Isso só será possível pela via da participação ativa. As pessoas que participam passivamente não conseguem assegurar seus direitos. Os indivíduos que vivem em comunidades pobres não são capazes de combater a pobreza partindo da passividade. Daí a

necessidade da educação popular como espaço de encorajamento e fortalecimento desses sujeitos.

Brandão (2001) diz que o desafio da participação é saber a que tipo de poder ela serve e, portanto, a que projeto político de “desenvolvimento” ou de transformação ela aponta. Para ele, a ideia de participação em si mesma não serve para sustentar projetos de educação popular, visto que a participação “é uma categoria ambígua e sujeita a ser proposta como base de ações de educação tanto como um meio de fortalecimento de saber-poder popular, tanto quanto como fundamento de programas pedagógicos de simples manipulação” (BRANDÃO, 2001, p. 117).

O autor não tem dúvida de que:

Muitas práticas de trabalho popular desenvolvidas por grupos de mediação ajudam muito no surgimento ou o fortalecimento de grupos e modos de participação popular orgânica. Modos de participação política em que a classe na comunidade explicita os seus interesses, define os seus caminhos enfrenta as suas próprias divisões, os seus impasses, e estabelece as suas metas.

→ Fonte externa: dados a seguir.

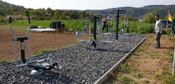 Zweiter Schritt war die Errichtung eines Outdoor-Fitness-Parks mit 6 Trainingsgeräten. Im Anschluss wurde der Bühnenboden gebaut, der im Sommer als kleine Terrasse zum Verweilen einlädt und zusätzlich bei Veranstaltungen natürlich als Bühne dient.
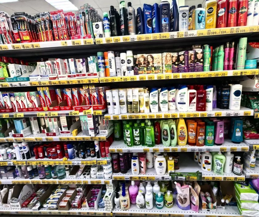 Пройдя дальше, я оказалась в царстве чистоты и свежести. Полки с шампунями и гелями для душа поражали разнообразием брендов и ароматов.
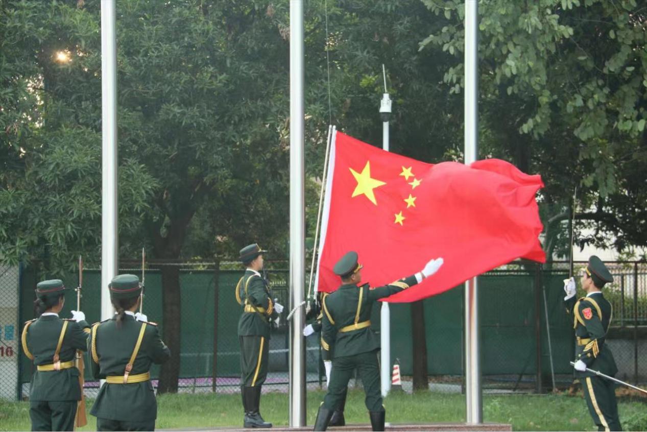 我院举行此次升旗仪式意义深远,不仅让同学们深刻体会了爱国主义,还激励同学们奋发图强,继续发扬革命先烈的爱国主义精神,勇于担当当代青年的神圣使命,为祖国繁荣与民族复兴而努力。
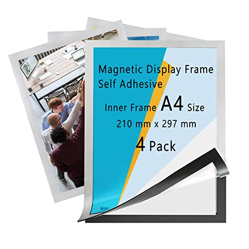 4 x Cornice Magnetica A4, Cornice Autoadesiva, Cornice Espositiva Adesiva, Cornice Informativa Autoadesiva, Cornice Esterna 32,5 cm x 24 cm, Per Negozi, Uffici, Vetrine (Argento)

Modos de participação que, superando as formas tradicionais defasadas de vida e representação da vida comunitária, resistem aos esforços de modernização dos programas manipuladores, e coexistem com aqueles que colocam a educação, por exemplo, como um trabalho a serviço dos movimentos populares (BRANDÃO, p. 116, grifo do autor).

No capitalismo, o trabalho assalariado e as formas de precarização de trabalho revelam- se como experiências de despoderamento e de incremento da tendência do sistema a dividir o mundo entre poderosos e submissos (ARRUDA, 2009). A educação popular, ao propor a reinvenção de novas relações humanas, pode ser um importante instrumento nos processos de libertação desses sujeitos e de toda sociedade. Isto acontece porque a educação popular “propõe-se desvendar com o trabalhador os mecanismos e a lógica deste processo alienador e desagregador, como ponto de partida para a criação de uma nova lógica” (ARRUDA, 2009, p. 66), que seja integradora, autonomizadora, colaborativa e solidária.

No cenário atual, a educação popular retoma valor e sentido, porque é necessário recuperar o poder da educação como um instrumento de transformação social. Esse novo cenário requer uma revisão profunda do sentido e método que tem caracterizado a educação popular para que ela seja utilizada como estratégia de construção da participação popular para reorientação da vida social. Pela via da educação popular, os humanos e os grupos são trabalhados pedagogicamente para serem capazes de analisar criticamente a realidade e aperfeiçoar as estratégias de luta e de enfrentamento. Assim, a superação de um dado problema social acontece com a ampliação dos esforços de interação cultural e de negociação

entre os diversos sujeitos envolvidos para construir de forma compartilhada o conhecimento e a organização política. Isto é possível mediante as práticas pedagógicas desenvolvidas pela educação popular.